Cleansing should be done several times per day using water or damp tissues and drying off completely afterward [29,30,31]. Removal of skin tags to ease the management of hygiene could be performed, however, patients should be carefully selected [4, 6, 32]. Excessive wiping and scrubbing of the perianal area should be avoided, especially with soaps, as it causes further mechanical damage and irritation. It is necessary to avoid humidity in the perianal region, so synthetic tight-fitting underwear should not be worn. Additionally, cornstarch powder or talc can be used to absorb excessive moisture . The patient should be counseled to eliminate possibly irritating laundry detergents and perfumes. The patient should avoid coffee, coke, citrus, chocolate, alcohol, dairy products, tomatoes and spicy food [6, 19]. An addition of a high-fiber diet with fiber supplementation is recommended to absorb excessive moisture from the stool and reduce the incidence of occult fecal seepage. In cases when fiber only is not enough, antidiarrheal medicine such as loperamide can be prescribed .
Emollients and barrier creams are key to pruritus treatment and should be used after cleansing . A pilot study by Tomi et al. included 28 patients to evaluate the efficacy of a film forming acrylate cream (Cavilon™ Durable Barrier Cream) for alleviating anal pruritus symptoms . They used the Anal Pruritus Life Quality Index and concluded that the cream had a significant quality of life improvement. However, as the study was funded by the manufacturer of the cream, results should be critically appraised. Moreover, creams containing menthol can have an anti-pruritic effect [33, 34]. Another possible topical option is a mild steroid ointment (1% hydrocortisone). A randomized controlled cross-over trial proved its effectiveness, as after 2 weeks of treatment with a 1% hydrocortisone ointment, 68% and 75% of patients had itch reduction and quality of life improvement, respectively . The use of more potent steroids or prolonged use of may eventually lead to dermal atrophy and worsen the condition [4, 10, 33]. In a randomized double-blind cross-over trial that enrolled 21 patients the use of 0.1% topical tacrolimus ointment managed to significantly decrease the itch intensity and frequency and resulted in symptom reduction in 68% of the patients 2 weeks after treatment It should be noted that the use of tacrolimus ointment did have a positive effect on the Dermatology Life Quality index, however the difference when compared to the placebo group was not significant . The use of the other topical immunomodulator pimecrolimus was never investigated on idiopathic anal pruritus patients, however it is effective in treating itch caused by atopic dermatitis, although, as the literature shows, it is less effective than Tacrolimus [37, 38]. Another topical treatment option is 0.006% Capsaicin cream. After the initial burning sensation it provides desensitization and relief of the symptoms . A study by Lysy et al. determined that the 0.006% concentration was effective in alleviating pruritus ani without the significant burning sensation, which is commonly caused by creams that are more concentrated. Furthermore, they showed in a randomized double-blind cross-over study that 0.006% Capsaicin cream decreased symptoms in 70% of the study cohort and prevented them from recurring .

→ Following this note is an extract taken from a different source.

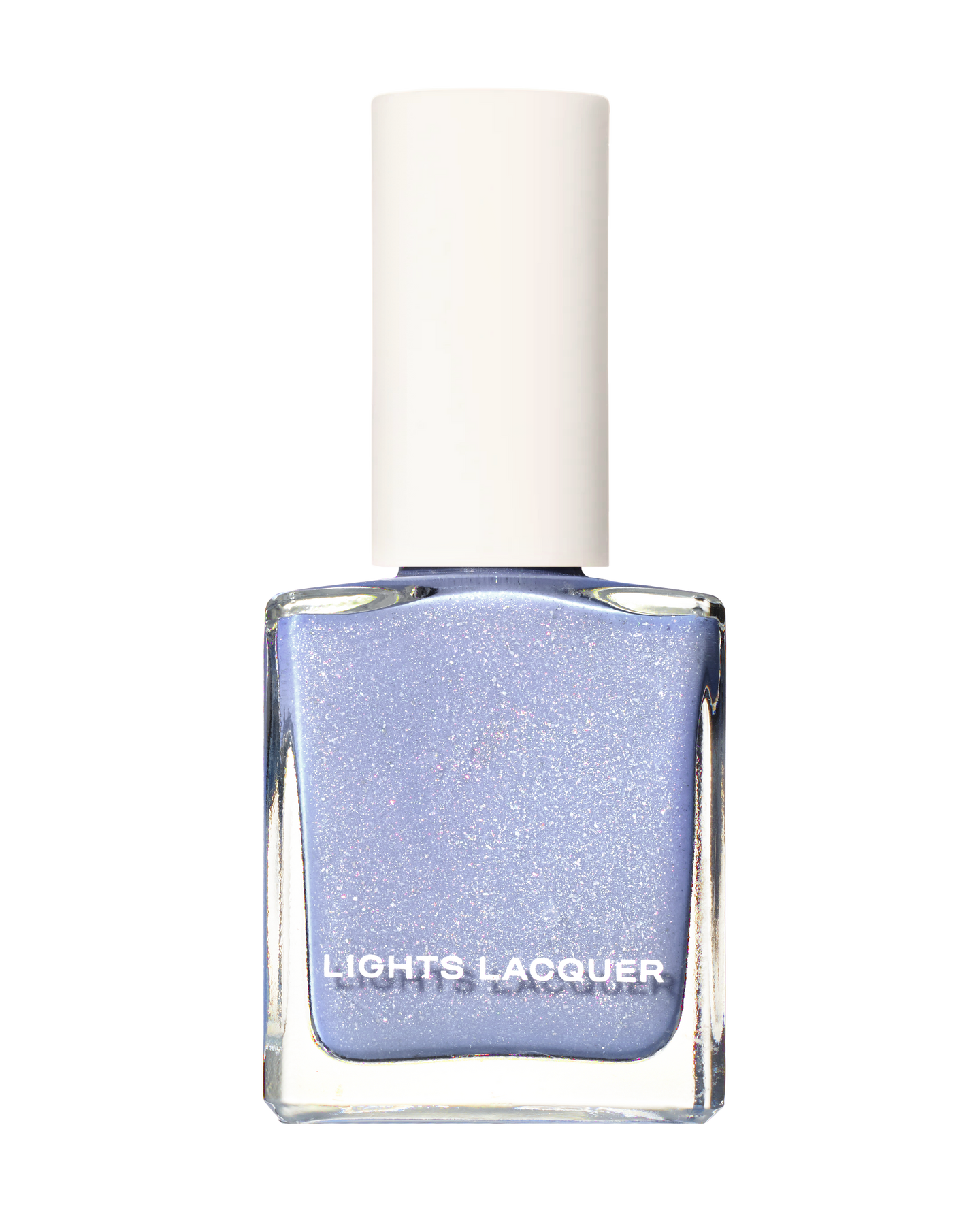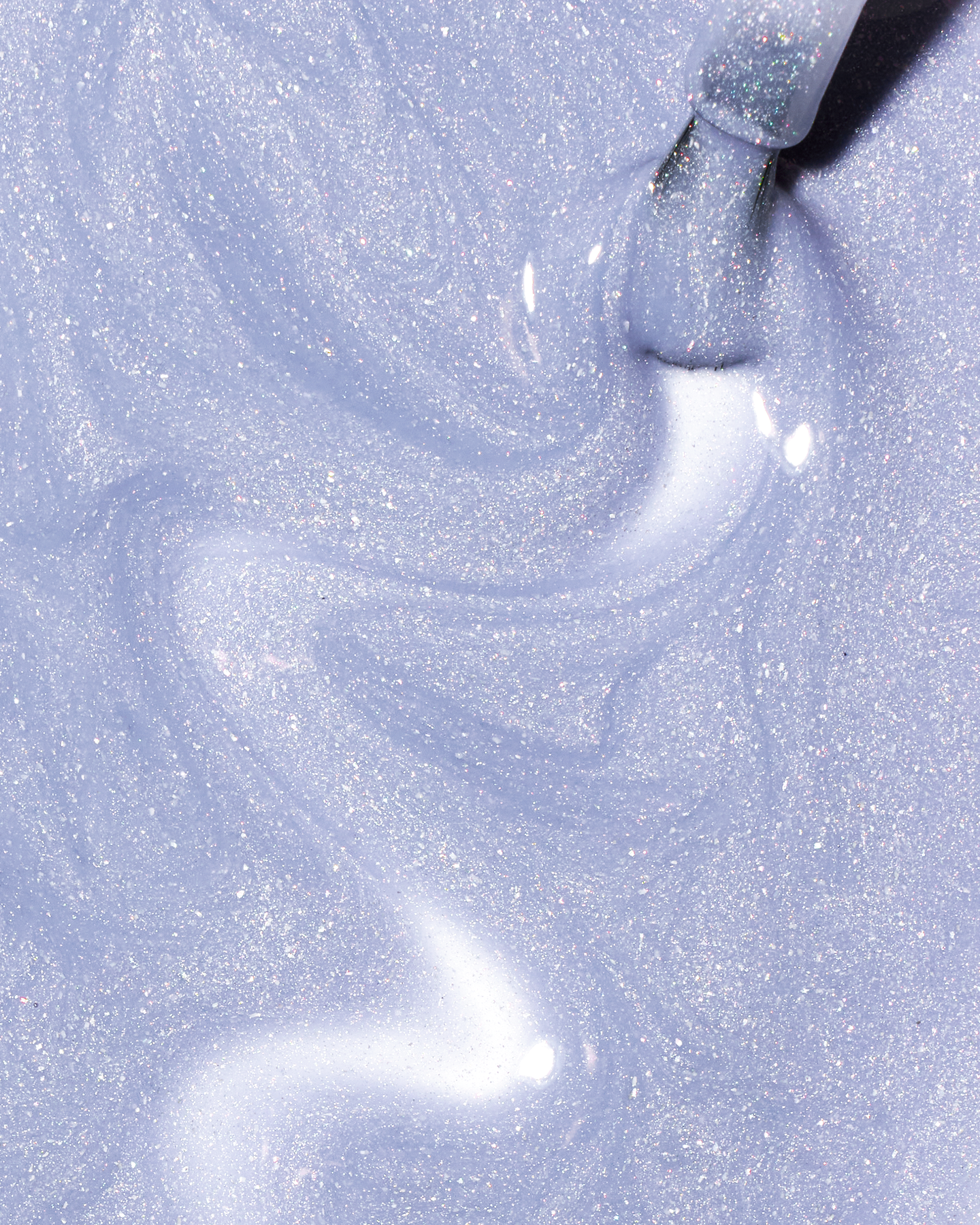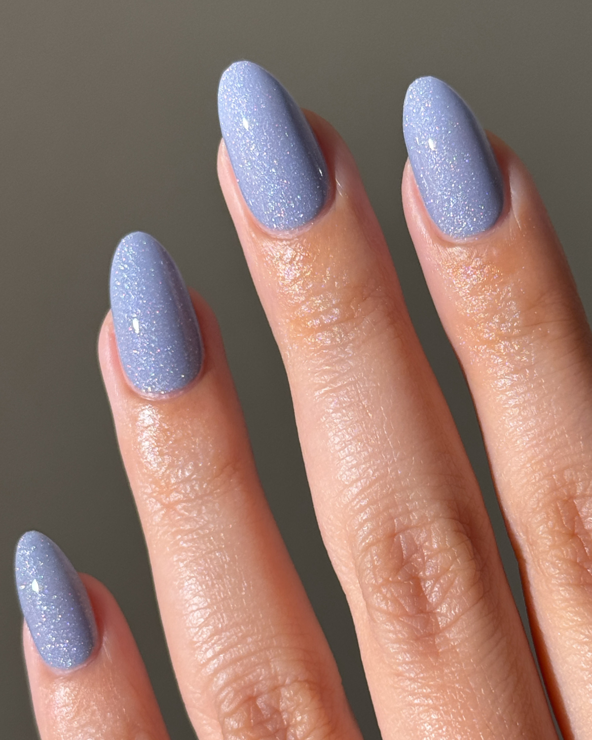A dusty periwinkle blue nail polish with a fine diamond shimmer finish.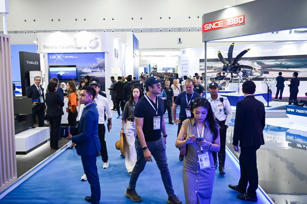 2025年5月20日,观众参观马来西亚兰卡威国际海事和航空展的室内展览。新华社记者程一恒摄

Systemic treatment options have also been described in the literature . Oral antihistamines (first-generation) may be beneficial to patients suffering from nocturnal scratching. Their inhibitory effect is negligible, however, they mainly act by sedating the patient [10, 33]. Antidepressants and neuroleptics are used in managing anal pruritus, however, their effectiveness was only tested for treating other locations pruritus .
In long lasting intractable idiopathic pruritus cases, intradermal methylene blue injections may be used as a solution . These injections act by destroying the intradermal nerve endings . Eusebio et al. in their study patients under intravenous anesthesia injected up to 30 ml of 0.5% methylene blue to perianal area . Up to 9.5 years of follow-up showed that 10 out of 23 patients had complete relief. Unfortunately, during the study three patients developed full thickness skin necrosis and required surgical debridement, this could be probably explained by the large injected volumes, as other studies used several times smaller and did not experience such complications . Several following studies, with few technical variations, confirmed successful and long lasting results [42,43,44]. However, a recent literature review concluded that larger clinical studies are needed to gather stronger evidence on this treatment method . In Fig. 1, we summarize the diagnostics and treatment for patients with suspected anal pruritus.
The last few decades of extensive research into the neuroimmune itch pathways provided the foundation for novel therapeutics of chronic itch [46, 47]. Although, none of the further discussed medication have been tested on patients having anal pruritus, but they have great potential in being effective, as they mainly target different parts of itch sensation circuitry . One of the most promising novel agents are monoclonal antibodies targeted against various inflammatory molecules. One of the first to get the FDA approval was dupilumab, which occupies IL-4 receptor α, thus blocking the effects of IL-4 and IL-13 . It showed a broad spectrum of anti-itch action as it significantly alleviated chronic itch for patients with atopic dermatitis, chronic prurigo nodularis [49,50,51]. Furthermore, as the systematic review by Gael et al. show, the use of dupilumab can help 14% of patients with chronic idiopathic itch achieve full resolution and up to 89% can reach marked improvement. Lebrikizumab and tralokinumab are directed against IL-13 and act on the same pathway as dupilumab. However, differently to dupilumab, their use case is more limited as they have been mostly tested on patients with atopic dermatitis . Less investigated, but also quite promising agents are nemolizumab, an IL-31 receptor α antibody, and an experimental agent vixarelimab (NCT03816891) targeting oncostatin M (OSM) receptor β block the IL-31/OSM pathway and thus exert anti-pruritic effect . These two antibodies were mainly tested on inflammatory dermatoses, thus their effects on idiopathic anal pruritus remains questionable [54, 55].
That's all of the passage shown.